Passion or Suffering
I’m sitting here, outside of a 45 person yoga class I just checked in. I feel scattered. Torn between going out to get food and continuing my hunt for interesting and amazing writers on the internet.
I got started on this brain path when a woman came in this morning and refused to fill out any of the new student waiver except her signature and date. I was so curious I looked her up. I found out that she has an online presence and an offline presence in the world. And it had me question — is she paranoid about random people having her info? Are we (am I) naivve for giving out my info so casually?
And that’s as far as I got on that train. Because I got side swiped by another thought— I want to be a seeable, hearable presence online and in the world. So now I’m looking at what are these big presences doing that I am not. And the answer I got is the answer I always get which is — leaning into the fear! Every time.
I’m a passionate person. And I have many moments where I see I want to say something, or do something out of the norm. When I do the thing, life opens up. It’s like magic on crack. When I don’t do the thing, my life continues on quietly and easily, with low to moderate levels of silent suffering. If I am going through this, and I am a pretty expressive person, I can only imagine what others are going through.

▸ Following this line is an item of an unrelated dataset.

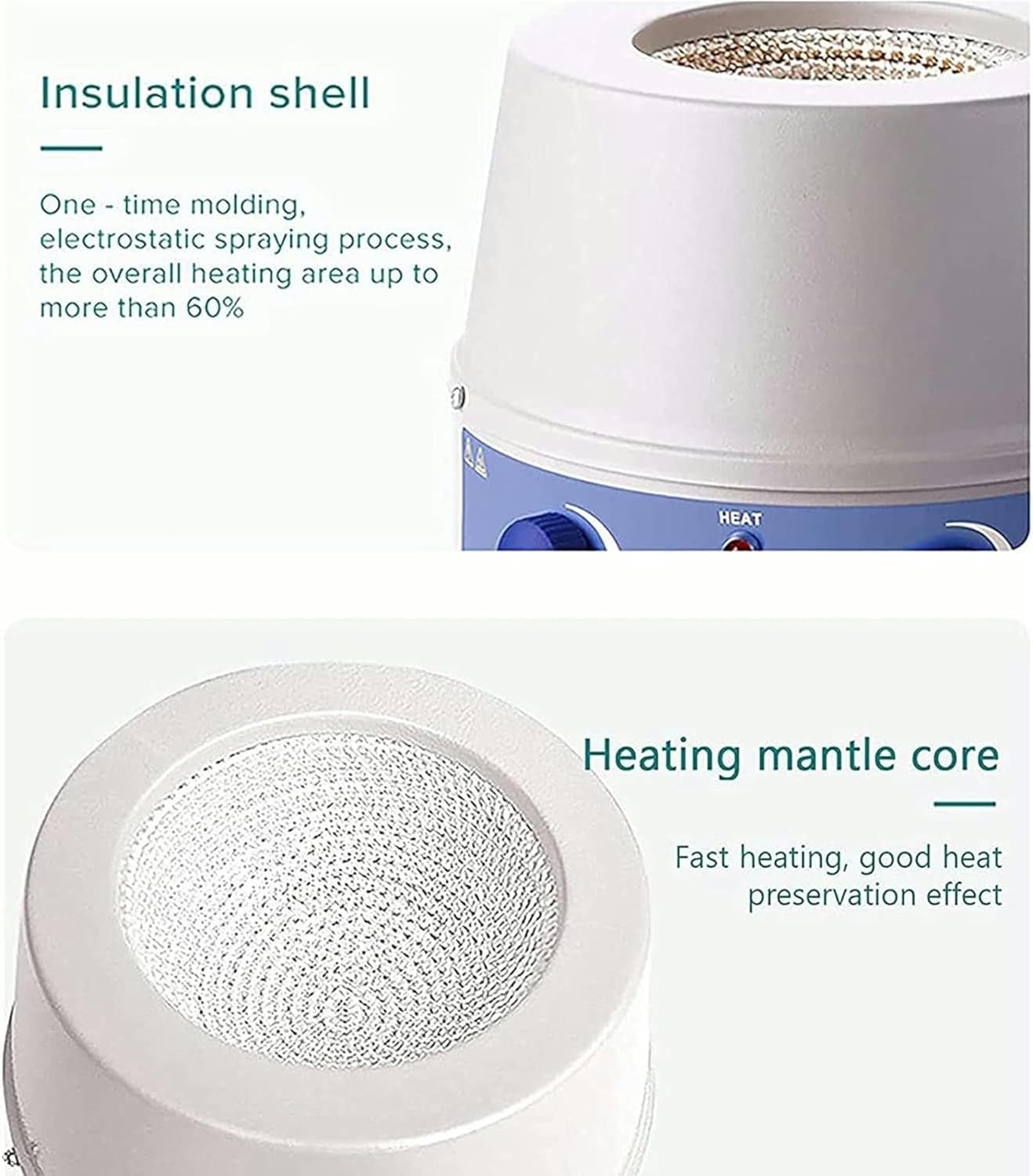 Characteristic:Double knob controlContinuous speed regulationStrong magnetic force, stable agitationIt can be heated, controllable temperature, high temperatures resistanceProduct parameters:Product name: Electric heating mantle with magnetic heating agitationDigital screen: NoneHeating power: 100-2400WApplicable scene: laboratoryControl Method: Double buttonFunction: Heating, magnetic agitationCapacity: 100 ml, 500 ml, 1000 ml, 2000 mlHeating temperature: Ambient temperature at 380 ℃Package Included:1 magnetic mixer1 power cable1 stirring bar1 manualNote1. For manual measurement, allow a deviation of 1-20 mm.2. Due to the difference between light and screen, the color of the article can be slightly different from the image.

The root of the word ‘passion’ is ‘suffering’.
I learned this because I found out just how much being a passionate woman defines me.

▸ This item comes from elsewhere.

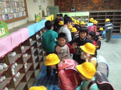 毎日、当番制で1年生のお世話をしています。お世話の仕方も慣れてきました。(4月11日)
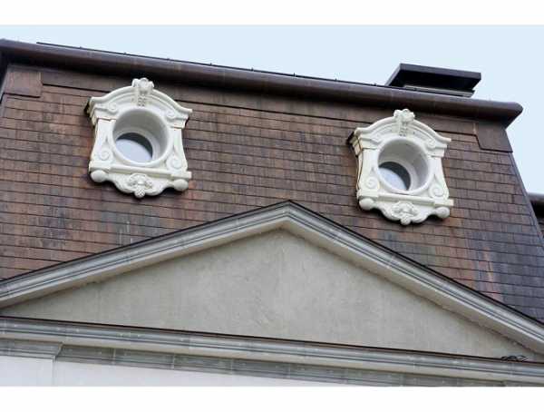 - Fronton. Ils sont installés à la fin, au mur pignon de la maison et sont pour le moment la conception la plus courante et la plus simple. Il est utilisé pour les toits à pignon et est un lien entre une fenêtre ordinaire et un mur à pignon. Sa forme géométrique peut être très différente - du rectangulaire au rond et aux multiples facettes.

So I looked up the word. The first definition of passion is: strong and barely controllable emotion. The second definition is: the suffering and death of Jesus. (Who, I think we can safely assume, was an intensely passionate person.)
The definition of suffering is: the state of undergoing pain, distress, or hardship.

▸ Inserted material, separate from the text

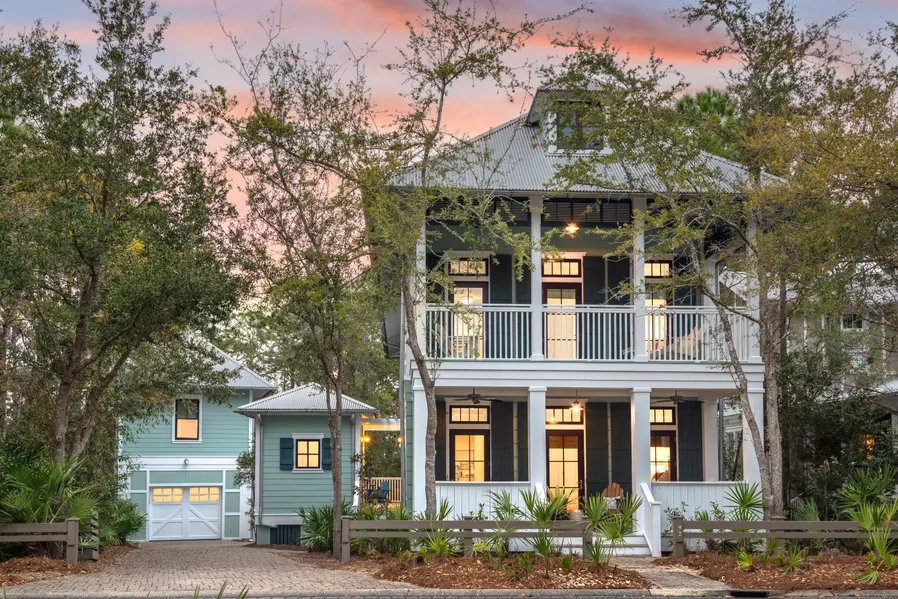 Recently renovated to the highest standards, this Southern-style home has shady, covered porches on both levels. Backing on to preserve land with mature pine trees, it enjoys a sense of privacy yet is just two blocks from Camp WaterColor fun. The open-concept living space has dark wood effect flooring countering the high ceilings, white decor and transom windows delivering an abundance of natural light. The chef’s kitchen has been beautifully updated with a full range of stainless appliances and a built-in beverage bar. Quartz countertops extend over the generous island which easily accommodates five diners at the breakfast bar and overlook the cozy fireplace providing a focal point in the sitting area. Dine at the formal dining table or outdoors on the deep screened porch. It boasts a pleasant outlook onto permanent green space with steps leading down to the rear yard and neighboring carriage house. Five bedrooms, all ensuite, include a bunk room and a spacious master suite with twin vanities, a free standing garden tub and tranquil tree-top views. The second-floor balcony even has a swing for lazing away the days with a good book or snoozing after lunch. The independent carriage house includes a tastefully appointed sitting room with shiplap walls, a fully equipped kitchen and a bedroom and bath above the two--car garage. It even has a deck for guests to enjoy their own outdoor space, relaxing in the breeze. Within easy reach of WaterColor pools, parks, trails and amenities, this turnkey home is ideal for investment in this sought-after location. Fully furnished, recently updated and immaculately presented, it has a proven history for vacation rentals, generating more than $239,000 annually.

I think that suffering is one experience of passion. Passion is a fact of life, like having a body and breathing. Suffering happens when the flow of passion is stifled in any way. It ccould be extremely painful. Or it could just be directionless apathy. It depends on how committed to your passion you are. If you’re all in, you experience restriction intensely. If you only partly leaned in, it’s like the little tickles of a candle flame — slight discomfort.